In this, he may be taking Tim Farron’s account of his difficulties too much at face value. As a matter of principle, it is clearly wrong that a politician should be disqualified from office over their private reservations about party policy. Going along with policies that you personally disagree with out of loyalty to the larger collective is one of the cornerstones of grown-up politics. It holds together everything that lies somewhere on the spectrum between Ayn Rand and the People’s Popular Front for the Liberation of Judaea.

This is easy to see when we share their reservations: do we really want all the Brexiteers in government to resign and hand over their jobs to people like Daniel Hannan? More relevantly, I remember the persecution of Rowan Williams by conservative evangelicals (prominent among them Williams) when he was Archbishop of Canterbury.

Rowan’s position was the mirror image of Tim Farron’s: he believed, and was well known to believe, in the equality of gay people. Yet he felt it his duty to go along with the Church’s homophobic official policy while reserving the right to argue in private against it. This was completely unacceptable to the conservative evangelicals, who wanted to establish the principle that anyone who believed gay sex was not sinful should not hold any office in the church—whether or not they were themselves celibate.

This seemed to me entirely monstrous bullying. It was right then, and is right now, to defend Tim Farron’s duty to hold the convictions that he honestly does and even where appropriate to argue them in private.

But the devil has no interest in principles. His place, as is well known, is down among the details, and when we look at the specifics of this case things get more complicated. For a start, not too many people believe that Farron’s private views disqualify him from office: ComRes polling on this finds that only around 20 per cent of Lib Dem voters think that privately believing gay sex is sinful disqualifies a politician from office if they do nothing to act on their conviction. About the same proportion of Conservatives and even UKIP voters agree. The figure rises to around 30 per cent for Labour and SNP voters—only among the Greens is there a plurality (48 per cent) for the intolerant view.

Yet that 10 per cent gap between Lib Dem and Labour views is a very awkward one for a Lib Dem leader specifically. In this election, Farron was competing for the young and well-educated vote and it is exactly in those sectors that opinion was least favourable to him. Young people were much more likely even than the generality of Labour voters to regard Tim Farron’s privately-held beliefs as disqualification from office. Not for nothing did Labour put his conservative views on their election literature in Cambridge, where there was a huge swing from Lib to Lab.

Obviously, you can’t blame Labour for using effective propaganda. In the long arc of history, this treatment of Farron is the payback for Simon Hughes’ campaign against Peter Tatchell in Bermondsey. If there was a marginal advantage to be gained from attacking him, of course they were going to do so.
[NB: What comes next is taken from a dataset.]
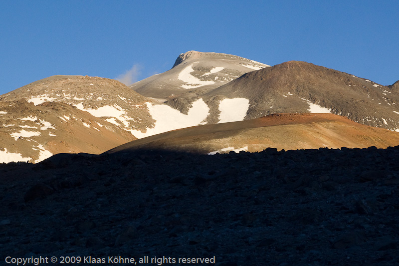 9.12.: Die Nacht auf 5480m war zwar windig, aber kein Vergleich zu den letzten Nächten. Der Ojos del Salado grüßt in der Morgensonne. Zum Glück keine Höhenbeschwerden. Die dürfte ich mir hier auch nicht erlauben. Eigentlich darf ich mir hier gar nichts an ernsteren Gesundheitsproblemen leisten. Wer weiß, wann hier mal wieder einer vorbeikommt. Heute ist Ruhetag, morgen wird´s dann nochmal fies, wenn ich das Depot hole, und dann kann ich an die Puna-Traverse einen Haken machen, endlich! Der Gedanke ist verführerisch, danach sofort Richtung Fiambalá aufzubrechen. In drei Tagen könnte ich da sein, wenn alles klappt. Andererseits will ich ohne Ojos-Gipfel hier nicht weg. Naja, heute also Wasser bunkern, Erdnüsse fressen und mal sehen, ob hier nicht doch noch andere Menschen sind. Blöd wäre natürlich, wenn jetzt ein Wettersturz käme und ich morgen nicht mehr an mein Depot rankönnte. Jedenfalls brauche ich diesen Ruhetag unbedingt. Es windet mal wieder heftig. Ich muss aufpassen, meine beiden Nalgene-Weithalsflaschen sehen sich derzeit SEHR ähnlich...

This suggests that it’s impossible to be an evangelical Christian of Farron’s sort and an effective leader of the Liberal Democrats. It doesn’t mean that all people of those views are being driven out of politics. It probably doesn’t even mean that they are being driven out of the Lib Dems. It just means that if you are a party leader who sincerely holds unpopular views on a matter that your swing voters think is morally salient, you will pay for it.

But even that might pass—look at the career of Jeremy Corbyn, whose views after 30 years are right back in fashion. Surely Farron can spend that many years in the wilderness, if he has enough faith. After all, Moses spent forty.